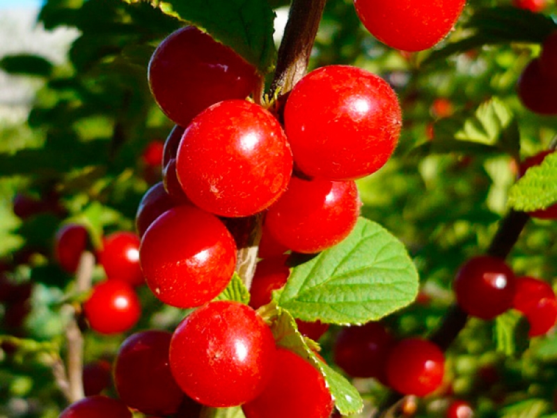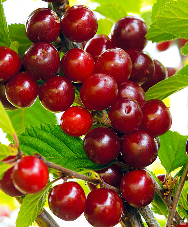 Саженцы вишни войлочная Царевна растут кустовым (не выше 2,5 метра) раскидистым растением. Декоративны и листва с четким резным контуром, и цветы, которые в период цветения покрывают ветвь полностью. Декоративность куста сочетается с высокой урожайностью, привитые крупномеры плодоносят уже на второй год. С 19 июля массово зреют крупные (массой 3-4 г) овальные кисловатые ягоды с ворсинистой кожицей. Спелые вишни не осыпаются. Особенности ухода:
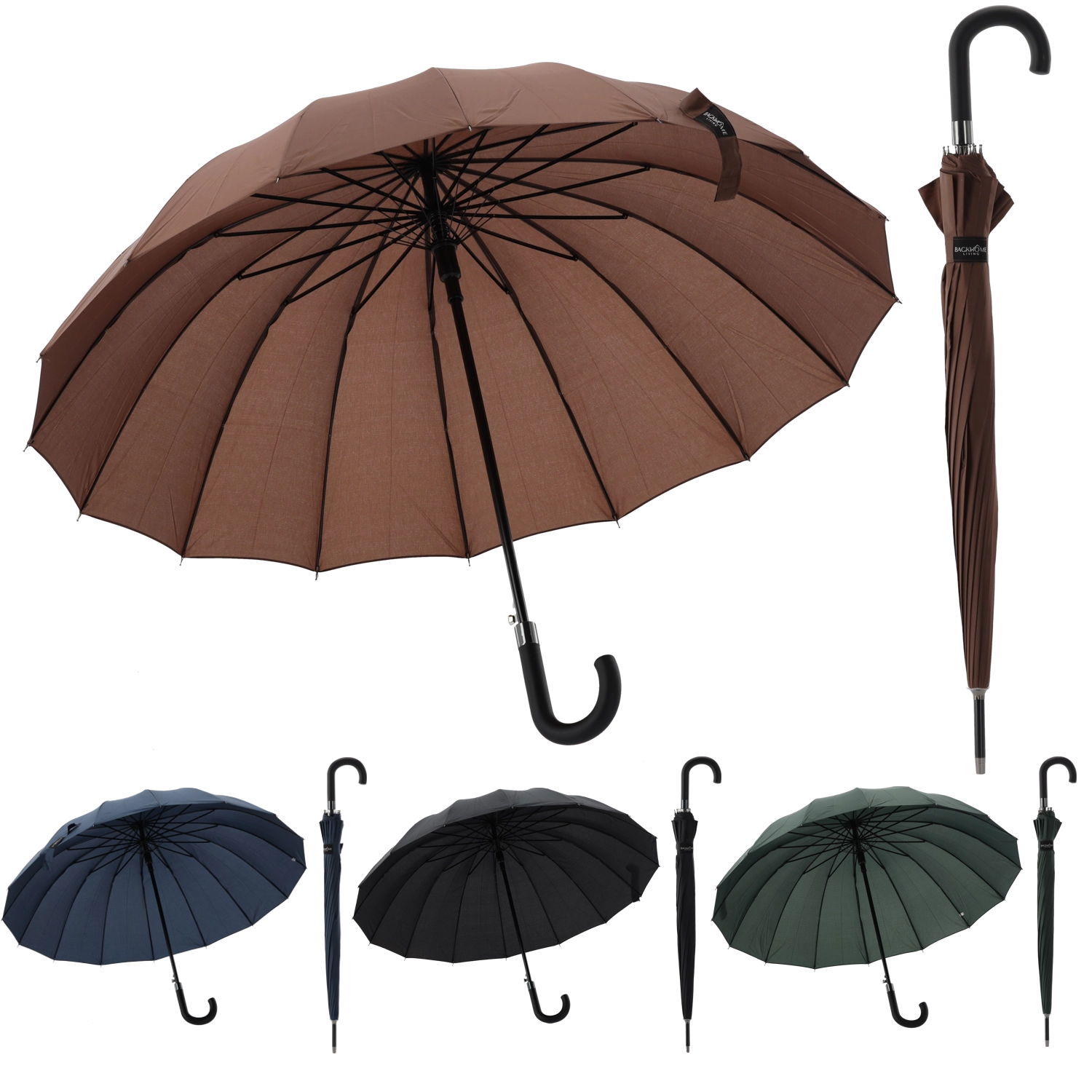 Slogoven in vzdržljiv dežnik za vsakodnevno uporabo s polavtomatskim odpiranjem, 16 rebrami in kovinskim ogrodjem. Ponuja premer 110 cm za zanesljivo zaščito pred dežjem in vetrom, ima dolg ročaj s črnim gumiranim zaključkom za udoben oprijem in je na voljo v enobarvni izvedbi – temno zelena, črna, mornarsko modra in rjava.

• • • • •

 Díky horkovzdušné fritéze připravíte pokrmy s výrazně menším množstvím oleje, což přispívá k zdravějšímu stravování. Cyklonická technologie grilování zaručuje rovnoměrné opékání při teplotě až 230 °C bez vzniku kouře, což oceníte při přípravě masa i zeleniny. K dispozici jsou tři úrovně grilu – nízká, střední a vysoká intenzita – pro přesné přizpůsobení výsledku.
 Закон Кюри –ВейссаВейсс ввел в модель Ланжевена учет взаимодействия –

• • • • •

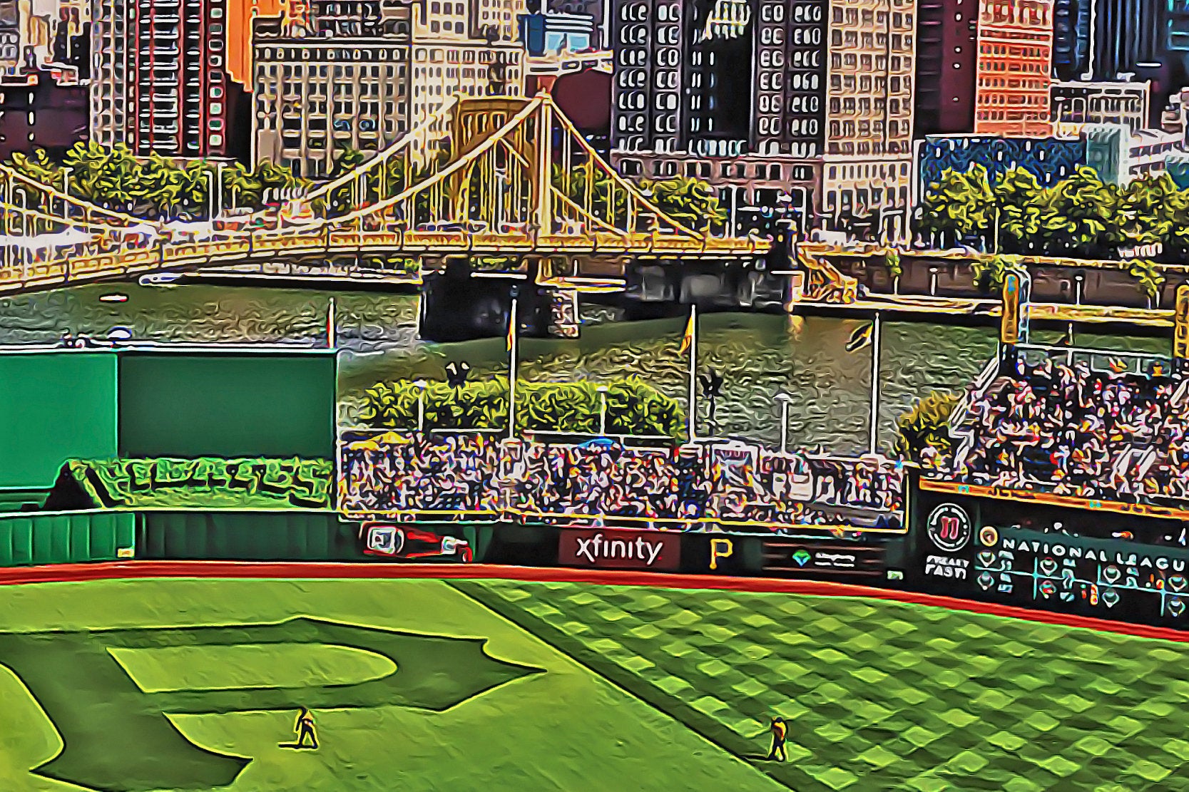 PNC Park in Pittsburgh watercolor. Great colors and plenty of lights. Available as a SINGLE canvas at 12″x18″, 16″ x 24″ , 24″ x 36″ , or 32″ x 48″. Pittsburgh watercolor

• • • • •

Goal of the exercise: For this exercise, output exactly the lines above from the line with "Díky horkovzdušné fritéze" to the line with "Закон Кюри –ВейссаВейсс", counting both, and leave out the rest.

Answer box:
 Díky horkovzdušné fritéze připravíte pokrmy s výrazně menším množstvím oleje, což přispívá k zdravějšímu stravování. Cyklonická technologie grilování zaručuje rovnoměrné opékání při teplotě až 230 °C bez vzniku kouře, což oceníte při přípravě masa i zeleniny. K dispozici jsou tři úrovně grilu – nízká, střední a vysoká intenzita – pro přesné přizpůsobení výsledku.
 Закон Кюри –ВейссаВейсс ввел в модель Ланжевена учет взаимодействия –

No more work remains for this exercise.